Stored data entries:
______________________________
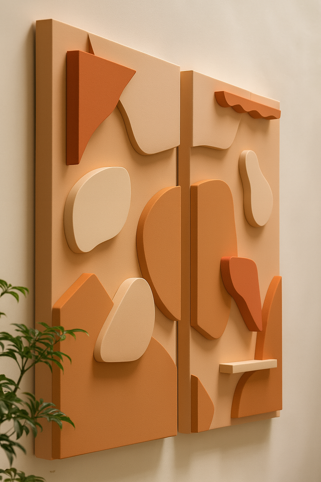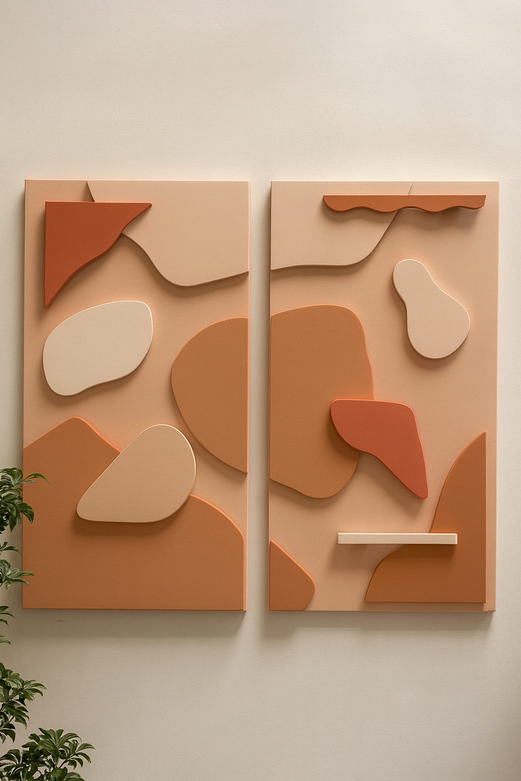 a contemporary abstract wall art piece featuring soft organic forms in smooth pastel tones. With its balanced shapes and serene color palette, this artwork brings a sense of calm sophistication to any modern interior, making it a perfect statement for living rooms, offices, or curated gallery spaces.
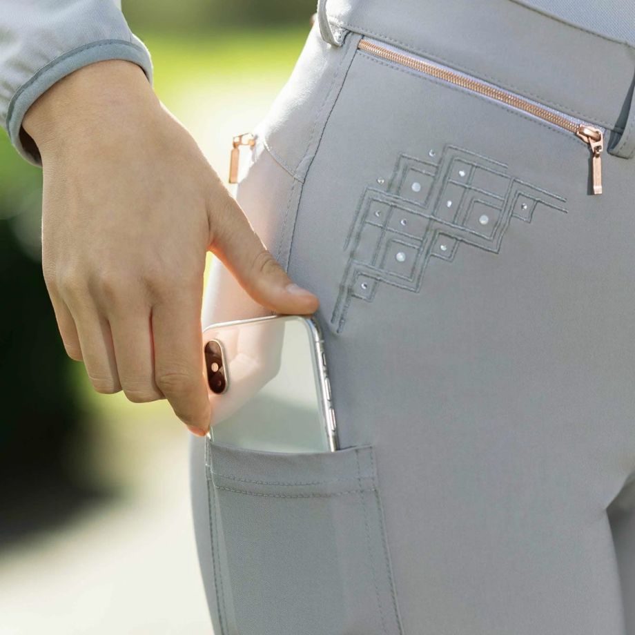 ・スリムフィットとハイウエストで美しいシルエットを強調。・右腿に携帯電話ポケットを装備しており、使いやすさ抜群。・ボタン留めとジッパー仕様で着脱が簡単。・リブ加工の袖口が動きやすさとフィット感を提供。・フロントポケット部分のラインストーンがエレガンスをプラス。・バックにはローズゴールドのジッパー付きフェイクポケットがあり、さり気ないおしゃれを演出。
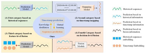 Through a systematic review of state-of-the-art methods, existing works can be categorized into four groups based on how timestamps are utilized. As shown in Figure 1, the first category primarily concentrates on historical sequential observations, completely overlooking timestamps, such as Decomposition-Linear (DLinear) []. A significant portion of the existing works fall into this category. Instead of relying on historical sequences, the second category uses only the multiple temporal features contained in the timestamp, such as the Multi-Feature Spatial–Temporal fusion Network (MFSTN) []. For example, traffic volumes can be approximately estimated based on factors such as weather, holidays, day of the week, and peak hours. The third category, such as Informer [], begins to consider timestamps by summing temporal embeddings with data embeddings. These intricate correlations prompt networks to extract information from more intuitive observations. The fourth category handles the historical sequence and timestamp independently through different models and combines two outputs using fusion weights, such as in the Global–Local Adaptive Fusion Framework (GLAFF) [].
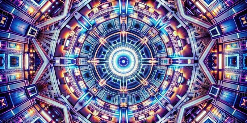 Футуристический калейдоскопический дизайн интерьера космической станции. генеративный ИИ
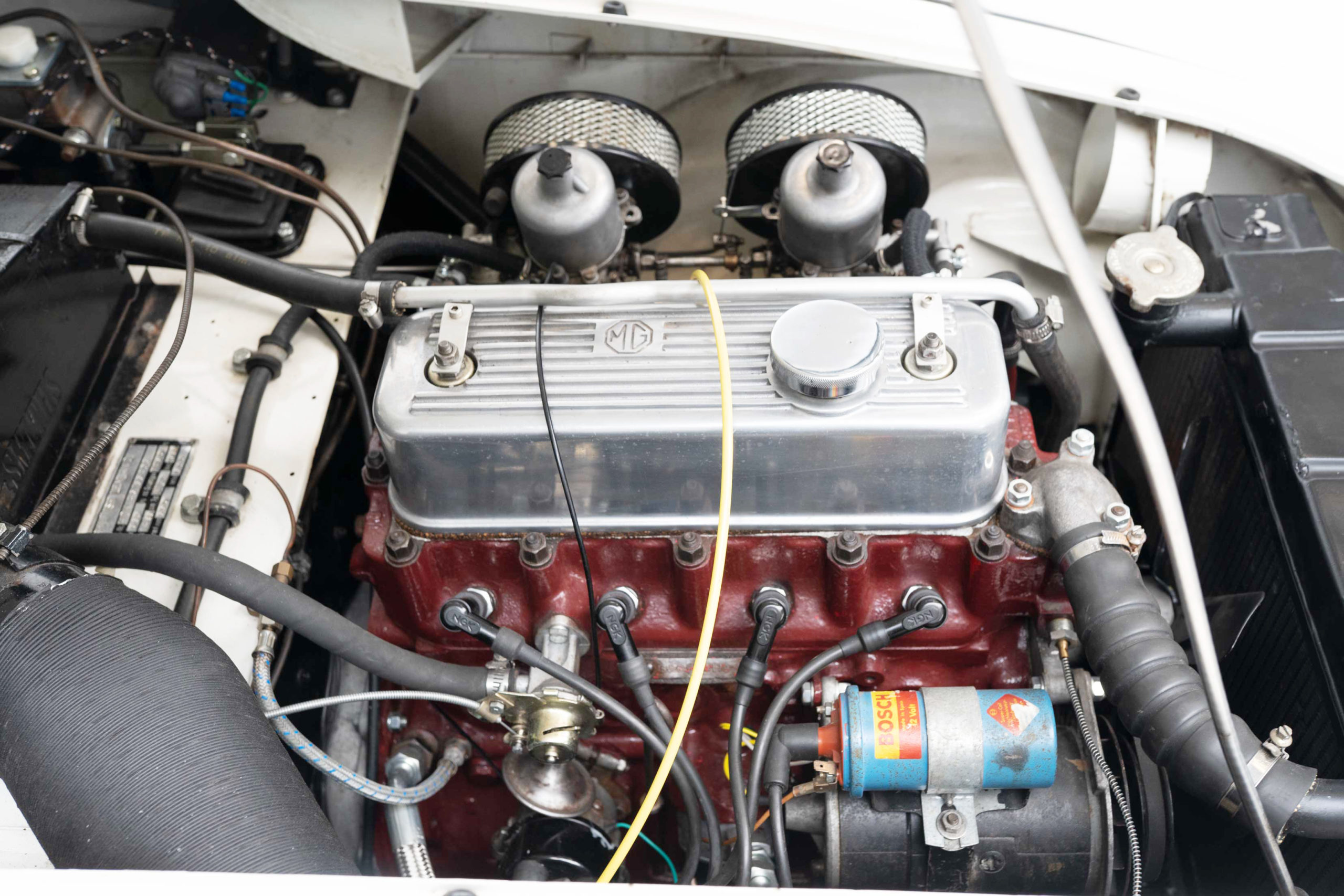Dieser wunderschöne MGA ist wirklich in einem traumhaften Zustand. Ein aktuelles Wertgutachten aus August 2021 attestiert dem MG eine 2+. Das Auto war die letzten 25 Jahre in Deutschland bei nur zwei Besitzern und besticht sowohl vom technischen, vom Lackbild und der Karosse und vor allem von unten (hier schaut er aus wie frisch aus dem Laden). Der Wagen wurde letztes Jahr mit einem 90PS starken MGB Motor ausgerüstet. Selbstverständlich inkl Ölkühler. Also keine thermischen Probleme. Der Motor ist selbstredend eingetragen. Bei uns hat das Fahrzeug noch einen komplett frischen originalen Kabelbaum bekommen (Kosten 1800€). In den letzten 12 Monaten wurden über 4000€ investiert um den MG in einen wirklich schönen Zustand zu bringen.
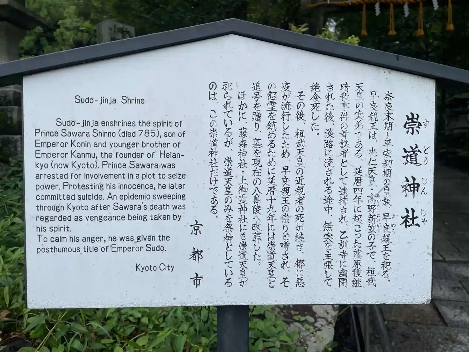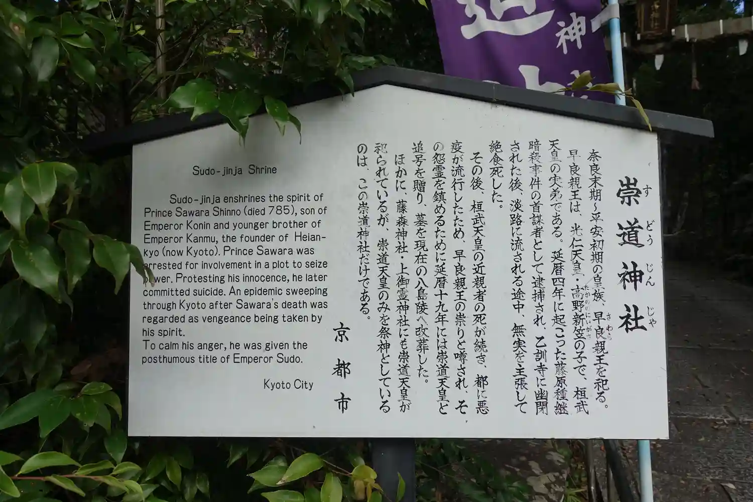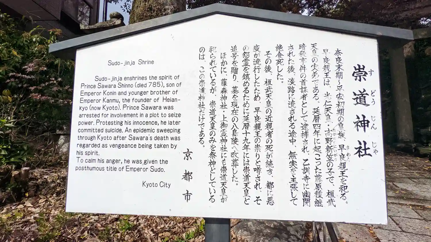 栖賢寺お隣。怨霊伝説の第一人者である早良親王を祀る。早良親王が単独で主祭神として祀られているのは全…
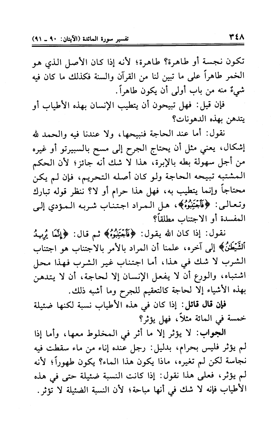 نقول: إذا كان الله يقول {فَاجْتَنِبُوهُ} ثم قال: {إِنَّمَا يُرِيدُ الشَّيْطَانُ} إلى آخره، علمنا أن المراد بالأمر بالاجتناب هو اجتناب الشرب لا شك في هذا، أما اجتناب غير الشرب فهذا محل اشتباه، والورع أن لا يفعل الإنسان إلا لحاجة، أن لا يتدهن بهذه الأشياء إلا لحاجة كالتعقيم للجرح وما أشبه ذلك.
______________________________
Only the text of the records belongs in the answer, printed exactly and without pictures.

_WRITTEN SOLUTION_
 a contemporary abstract wall art piece featuring soft organic forms in smooth pastel tones. With its balanced shapes and serene color palette, this artwork brings a sense of calm sophistication to any modern interior, making it a perfect statement for living rooms, offices, or curated gallery spaces.
 ・スリムフィットとハイウエストで美しいシルエットを強調。・右腿に携帯電話ポケットを装備しており、使いやすさ抜群。・ボタン留めとジッパー仕様で着脱が簡単。・リブ加工の袖口が動きやすさとフィット感を提供。・フロントポケット部分のラインストーンがエレガンスをプラス。・バックにはローズゴールドのジッパー付きフェイクポケットがあり、さり気ないおしゃれを演出。
 Through a systematic review of state-of-the-art methods, existing works can be categorized into four groups based on how timestamps are utilized. As shown in Figure 1, the first category primarily concentrates on historical sequential observations, completely overlooking timestamps, such as Decomposition-Linear (DLinear) []. A significant portion of the existing works fall into this category. Instead of relying on historical sequences, the second category uses only the multiple temporal features contained in the timestamp, such as the Multi-Feature Spatial–Temporal fusion Network (MFSTN) []. For example, traffic volumes can be approximately estimated based on factors such as weather, holidays, day of the week, and peak hours. The third category, such as Informer [], begins to consider timestamps by summing temporal embeddings with data embeddings. These intricate correlations prompt networks to extract information from more intuitive observations. The fourth category handles the historical sequence and timestamp independently through different models and combines two outputs using fusion weights, such as in the Global–Local Adaptive Fusion Framework (GLAFF) [].
 Футуристический калейдоскопический дизайн интерьера космической станции. генеративный ИИ
Dieser wunderschöne MGA ist wirklich in einem traumhaften Zustand. Ein aktuelles Wertgutachten aus August 2021 attestiert dem MG eine 2+. Das Auto war die letzten 25 Jahre in Deutschland bei nur zwei Besitzern und besticht sowohl vom technischen, vom Lackbild und der Karosse und vor allem von unten (hier schaut er aus wie frisch aus dem Laden). Der Wagen wurde letztes Jahr mit einem 90PS starken MGB Motor ausgerüstet. Selbstverständlich inkl Ölkühler. Also keine thermischen Probleme. Der Motor ist selbstredend eingetragen. Bei uns hat das Fahrzeug noch einen komplett frischen originalen Kabelbaum bekommen (Kosten 1800€). In den letzten 12 Monaten wurden über 4000€ investiert um den MG in einen wirklich schönen Zustand zu bringen.
 栖賢寺お隣。怨霊伝説の第一人者である早良親王を祀る。早良親王が単独で主祭神として祀られているのは全…
 نقول: إذا كان الله يقول {فَاجْتَنِبُوهُ} ثم قال: {إِنَّمَا يُرِيدُ الشَّيْطَانُ} إلى آخره، علمنا أن المراد بالأمر بالاجتناب هو اجتناب الشرب لا شك في هذا، أما اجتناب غير الشرب فهذا محل اشتباه، والورع أن لا يفعل الإنسان إلا لحاجة، أن لا يتدهن بهذه الأشياء إلا لحاجة كالتعقيم للجرح وما أشبه ذلك.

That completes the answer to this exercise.